Please write out all of the data below exactly, without including the pictures.

Supplied data
- - - - -

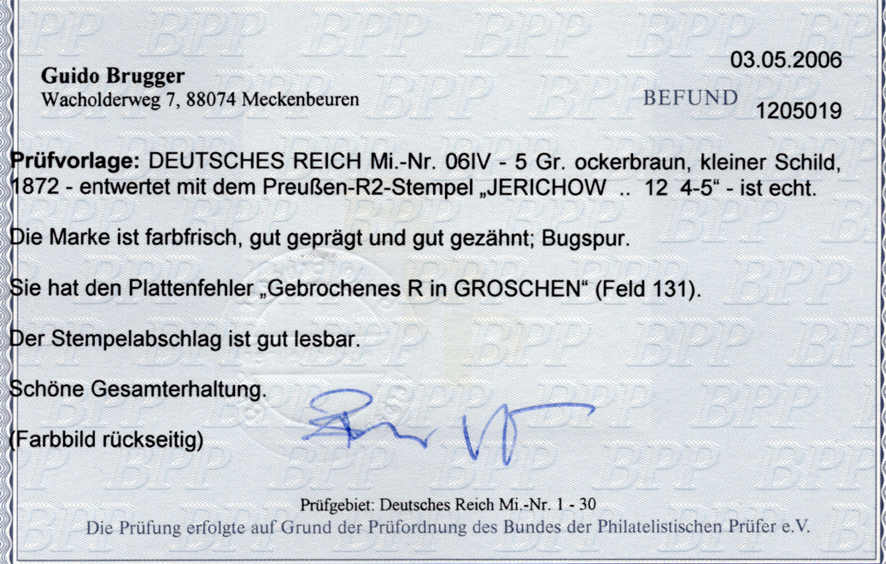| Prüfer: | Brugger, Guido (BPP (Bund Philatelistischer Prüfer)) |
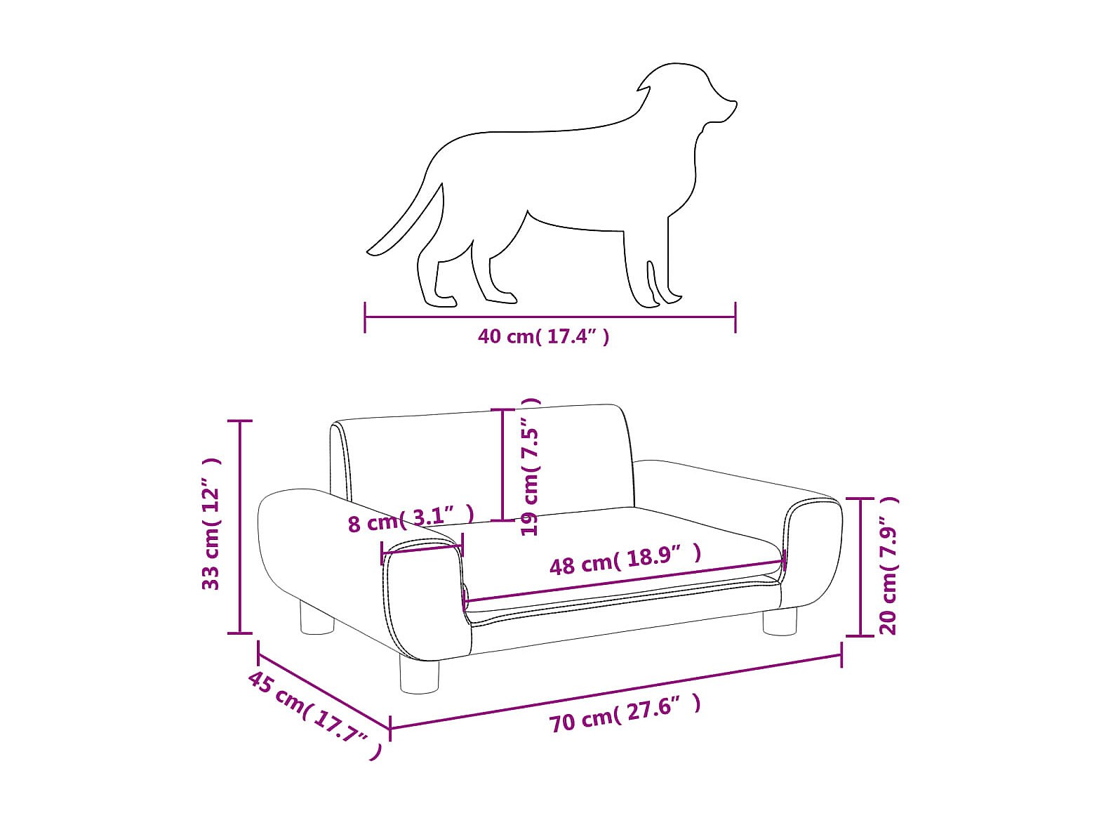 Ware Shoals Lit pour cen rose 66x40x45 cm velours
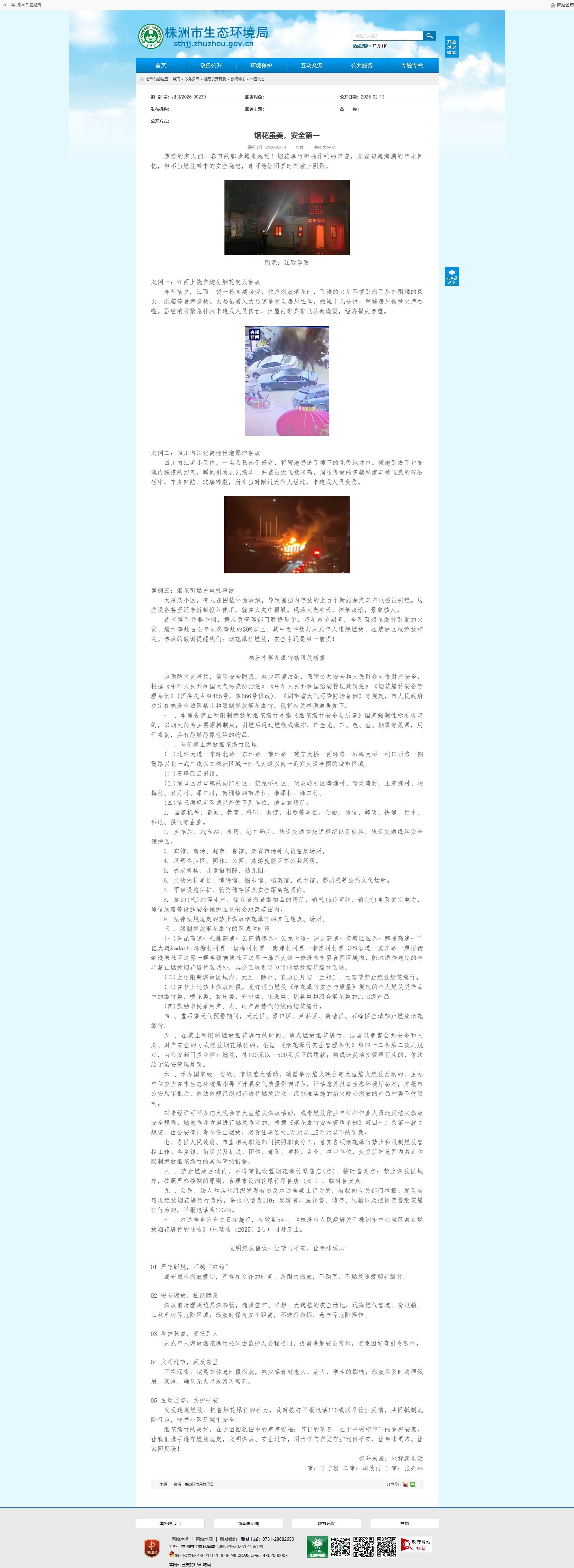 为预防火灾事故,消除安全隐患,减少环境污染,保障公共安全和人民群众生命财产安全,根据《中华人民共和国大气污染防治法》《中华人民共和国治安管理处罚法》《烟花爆竹安全管理条例》(国务院令第455号,第666号修改)、《湖南省大气污染防治条例》等规定,市人民政府决定在株洲市城区禁止和限制燃放烟花爆竹。现将有关事项通告如下:
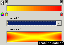 ,單擊填充顏色井,在彈出的顏色設定框中進行設定,本例是將左側的顏色塊設為了黃色,右側的顏色塊設為了紅色。當然,您可以根據實際情況進行任意調整。本例具體設置情況如下圖所示:

- - - - -

Problem solution
| Prüfer: | Brugger, Guido (BPP (Bund Philatelistischer Prüfer)) |
 Ware Shoals Lit pour cen rose 66x40x45 cm velours
 为预防火灾事故,消除安全隐患,减少环境污染,保障公共安全和人民群众生命财产安全,根据《中华人民共和国大气污染防治法》《中华人民共和国治安管理处罚法》《烟花爆竹安全管理条例》(国务院令第455号,第666号修改)、《湖南省大气污染防治条例》等规定,市人民政府决定在株洲市城区禁止和限制燃放烟花爆竹。现将有关事项通告如下:
 ,單擊填充顏色井,在彈出的顏色設定框中進行設定,本例是將左側的顏色塊設為了黃色,右側的顏色塊設為了紅色。當然,您可以根據實際情況進行任意調整。本例具體設置情況如下圖所示:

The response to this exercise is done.